We have prepared two sample notebooks that will allow you to work with uploads of input data. To download the first one that will be used, run in your terminal:
curl https://raw.githubusercontent.com/ploomber/projects/master/guides/cloud-notebooks-user-guide/notebooks/input-data.ipynb -o notebooks/input-data.ipynb
Let’s see what happens if we try to run a notebook with missing input data:
[12]:
ploomber cloud nb notebooks/input-data.ipynb
Uploading input-data-49dc8734.ipynb...
Triggering execution of input-data-49dc8734.ipynb...
Error: Error validating inputs/outputs: {'missing': {'../data/penguins.csv'}} (status: 400)
Ploomber Cloud will parse your notebook and look for referenced files. If they’re missing in your data workspace, it’ll show an error like the one above.
In our notebook, we have the following line:
df = pd.read_csv('../data/penguins.csv')
Ploomber realizes you’re using a local file at ../data/penguins.csv
. Since files can be either inputs or outputs, you have to indicate Ploomber what they are. To fix this, add a raw cell at the top:
# this determines where to look for input data and where
# to store outputs
prefix: penguins-classification
# for each path in our notebook, indicate if it's an input or output
# the values must be the same as in your notebook
inputs:
- ../data/penguins.csv
# no outputs, so no need to add an "outputs" section
The second sample notebook to be used will contain the raw cell example. To download it, simply run:
curl https://raw.githubusercontent.com/ploomber/projects/master/guides/cloud-notebooks-user-guide/notebooks/input-data-with-raw-cell.ipynb -o notebooks/input-data-with-raw-cell.ipynb
Let’s run the notebook that contains the raw cell:
[13]:
ploomber cloud nb notebooks/input-data-with-raw-cell.ipynb
Uploading input-data-with-raw-cell-d896c53b.ipynb...
Triggering execution of input-data-with-raw-cell-d896c53b.ipynb...
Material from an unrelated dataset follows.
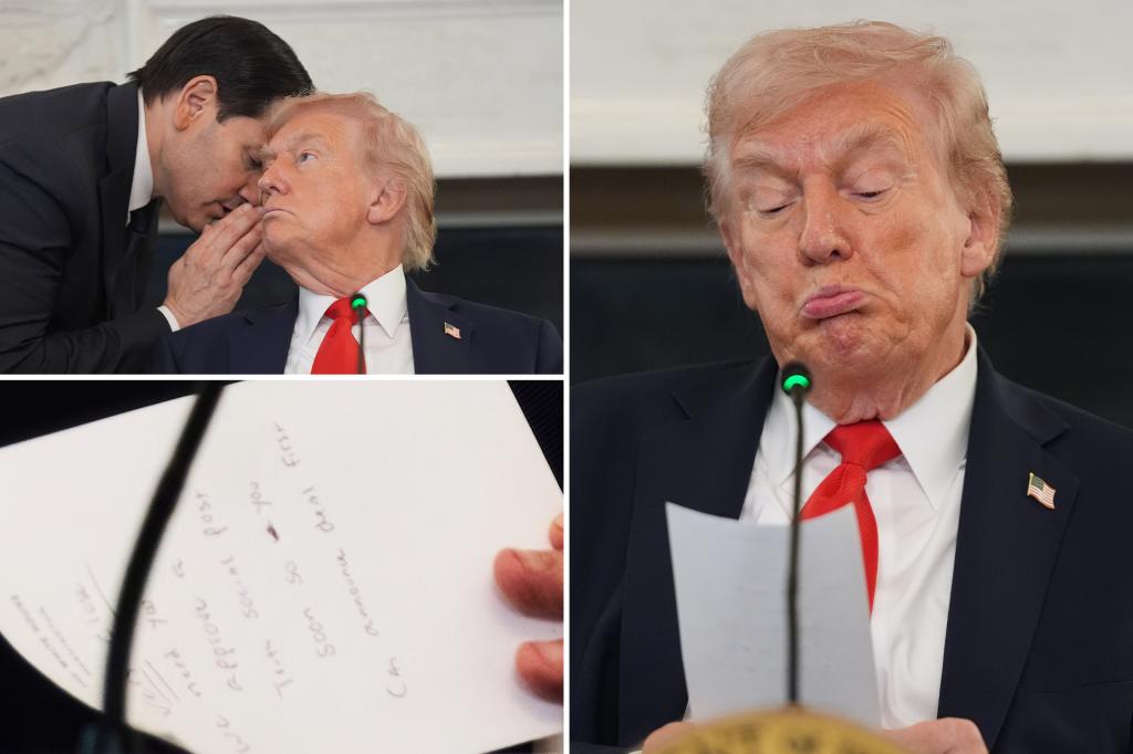 Início Notícias Fotos mostram a nota urgente de Marco Rubio para Trump antes do...

Error: Cannot start execution. The following inputs are missing:
- ../data/penguins.csv
Upload them to your data workspace or using the CLI:
ploomber cloud data --upload ../data/penguins.csv --prefix penguins-classification/input --name data-penguins.csv
(status: 400)
This time, Ploomber Cloud is telling us the files are not in our data workspace. So let’s upload them.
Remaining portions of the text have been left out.